== About this task ==
What you return must match the records word for word, except that pictures are dropped.

== Dataset entries ==
───
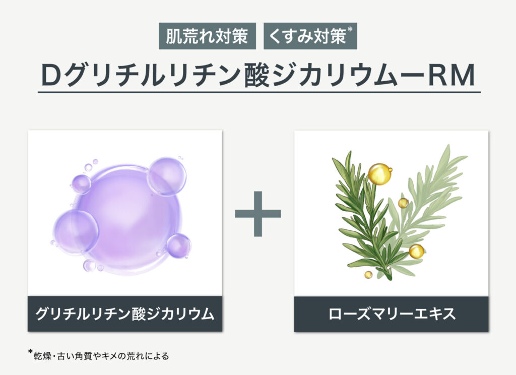 また、肌荒れ・くすみ※対策として独自成分である「Dグリチルリチン酸ジカリウムRM」を配合。有効成分であるグリチルリチン酸ジカリウムは「大人ニキビ※」や「肌荒れ」の予防ケアに効果があり、RM(ローズマリーエキス)は透明感をサポートする成分です。
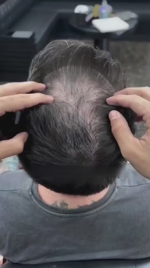 Vårt hårpuder är ett kamouflagepulver som omedelbart och magnetiskt binder sig till varje hårstrå – även de mikroskopiskt fina, osynliga hårstråna – och täcker tunna och kala fläckar på bara 10 sekunder. Ingen kirurgi, inga långa behandlingar. Helt enkelt naturlig fyllighet som ser helt äkta ut.
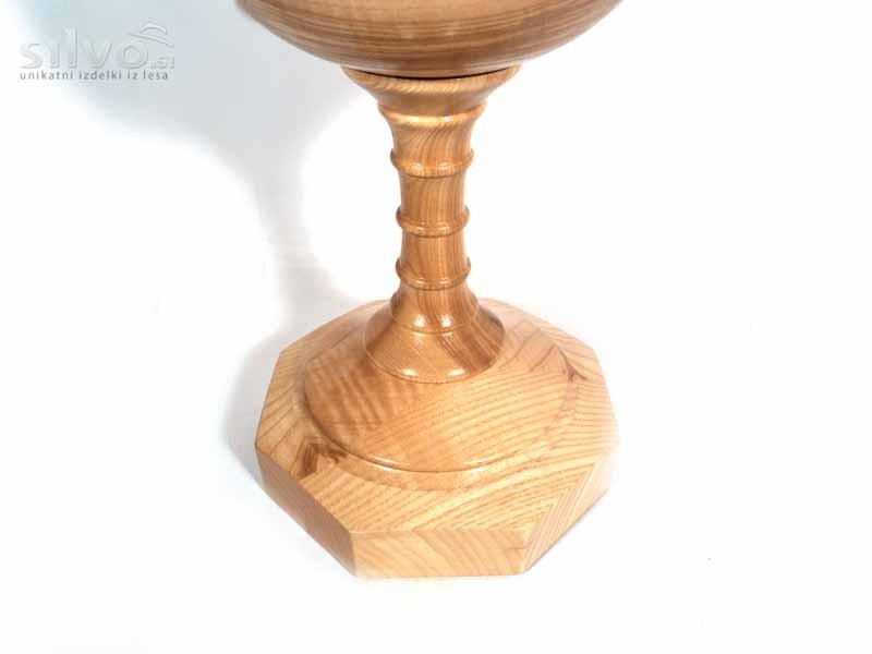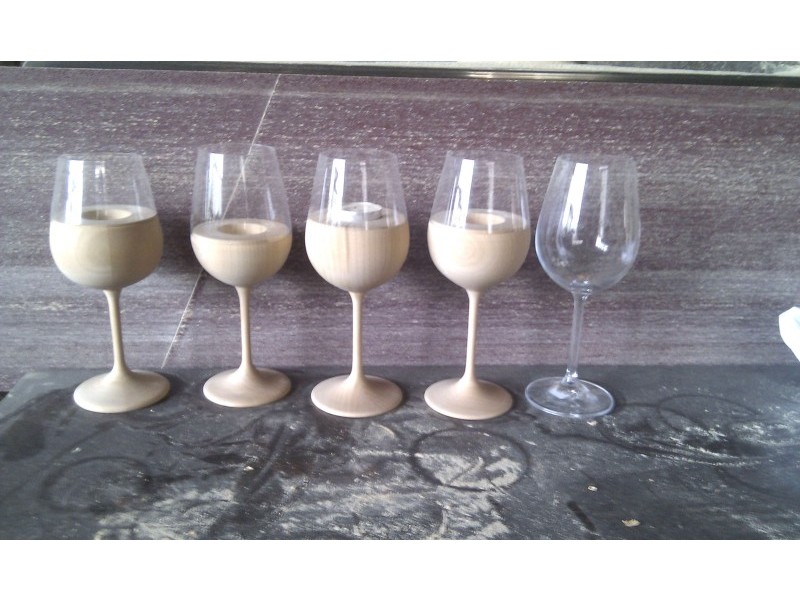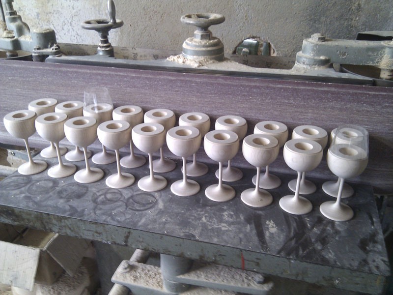 Po naročilu kupca smo izdelali nekaj lesenik kozarcev, ki se uporabljajo kot svečniki. Kozarci so precizno ročno postuženi ter imajo identično obliko kot stekleni kozarci za vino.
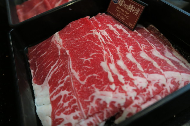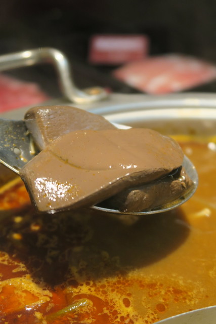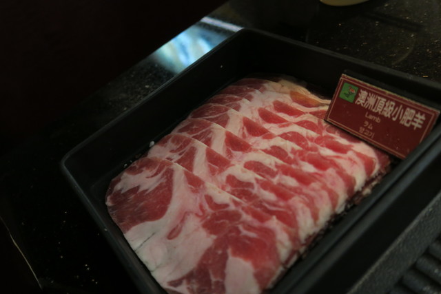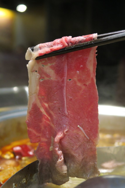 10種類以上の四川薬材からなる2種類のスープが基本だ。基本的には辛い麻辣、辛くない2種類と考えていいだろう。肝心の具材は牛肉、豚肉、羊肉、海鮮、モツ類、野菜など、とにかく種類が多く。何を頼むか考えているだけでもワクワクしてくる。焼肉バイキングと違い、注文するたびにサーバーがテーブルへ運んでくれるので非常に清潔だ。牛肉はUSDプライム、アンガス、オーストラリアビーフなども取り揃えてあるので出所はしっかりしている。一番うまいと思われる牛肉はUSチョイスのリブだ。羊も美味しかった。台湾国産豚肉は非常に硬くこちらはひち皿でギブアップ。
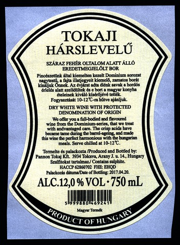 Bortípus: hárslevelű; Termelő neve: Pannon Tokaj Kft.; Termelő címe: 3934 Tolcsva, Arany J. u. 14.; Évjárat: 2016; színes címke
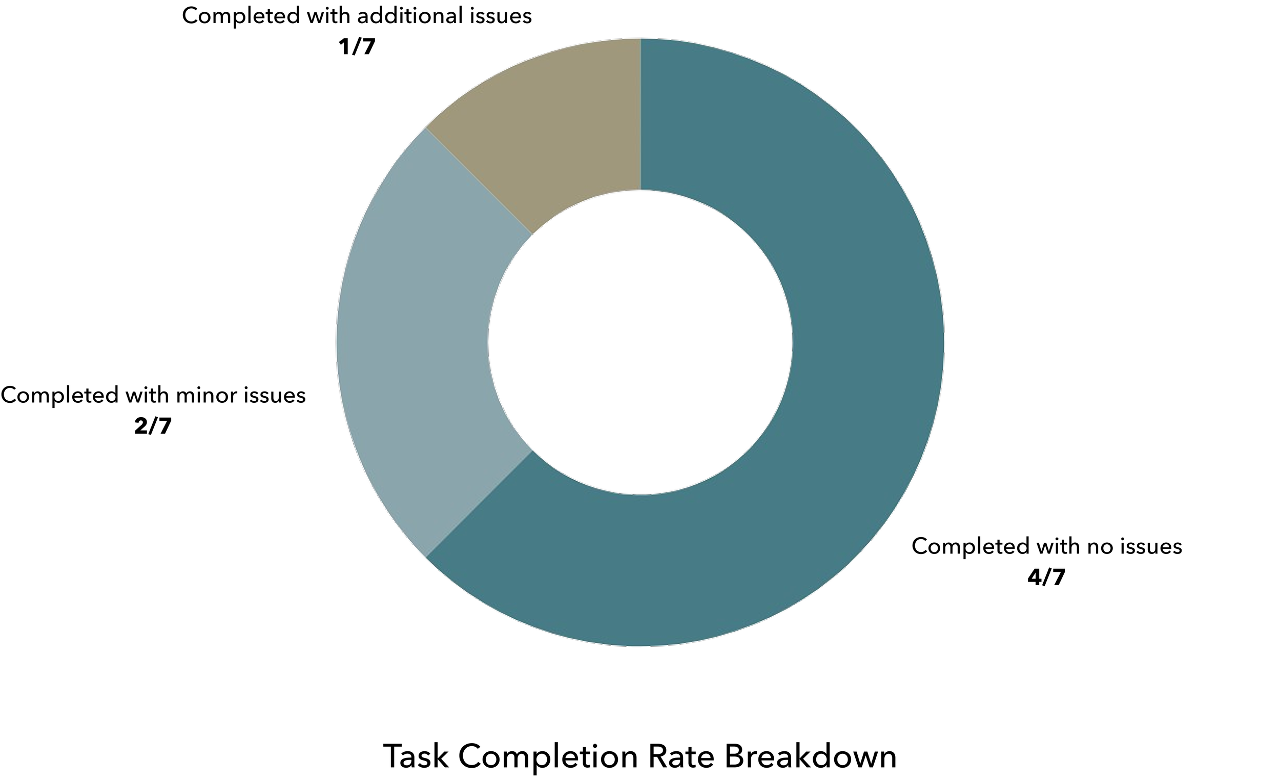 All participants successfully completed the end-to-end task flow (sign-in, add home, pool setup, and chemical profile flow), resulting in a 100% completion rate. Two users made a few extra exploratory taps before advancing at various points, and one participant attempted to access unprototyped sections despite clear instructions. Given the context, I treated the last case as an outlier.
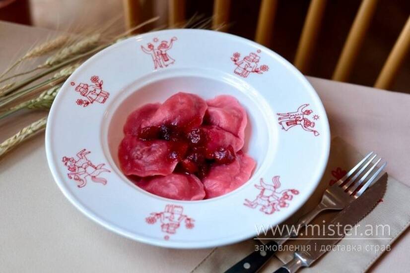 Солодкі вареники з вишнями, на заварному тісті, подаються з вишневим соусом.
───
== Your response ==
 また、肌荒れ・くすみ※対策として独自成分である「Dグリチルリチン酸ジカリウムRM」を配合。有効成分であるグリチルリチン酸ジカリウムは「大人ニキビ※」や「肌荒れ」の予防ケアに効果があり、RM(ローズマリーエキス)は透明感をサポートする成分です。
 Vårt hårpuder är ett kamouflagepulver som omedelbart och magnetiskt binder sig till varje hårstrå – även de mikroskopiskt fina, osynliga hårstråna – och täcker tunna och kala fläckar på bara 10 sekunder. Ingen kirurgi, inga långa behandlingar. Helt enkelt naturlig fyllighet som ser helt äkta ut.
 Po naročilu kupca smo izdelali nekaj lesenik kozarcev, ki se uporabljajo kot svečniki. Kozarci so precizno ročno postuženi ter imajo identično obliko kot stekleni kozarci za vino.
 10種類以上の四川薬材からなる2種類のスープが基本だ。基本的には辛い麻辣、辛くない2種類と考えていいだろう。肝心の具材は牛肉、豚肉、羊肉、海鮮、モツ類、野菜など、とにかく種類が多く。何を頼むか考えているだけでもワクワクしてくる。焼肉バイキングと違い、注文するたびにサーバーがテーブルへ運んでくれるので非常に清潔だ。牛肉はUSDプライム、アンガス、オーストラリアビーフなども取り揃えてあるので出所はしっかりしている。一番うまいと思われる牛肉はUSチョイスのリブだ。羊も美味しかった。台湾国産豚肉は非常に硬くこちらはひち皿でギブアップ。
 Bortípus: hárslevelű; Termelő neve: Pannon Tokaj Kft.; Termelő címe: 3934 Tolcsva, Arany J. u. 14.; Évjárat: 2016; színes címke
 All participants successfully completed the end-to-end task flow (sign-in, add home, pool setup, and chemical profile flow), resulting in a 100% completion rate. Two users made a few extra exploratory taps before advancing at various points, and one participant attempted to access unprototyped sections despite clear instructions. Given the context, I treated the last case as an outlier.
 Солодкі вареники з вишнями, на заварному тісті, подаються з вишневим соусом.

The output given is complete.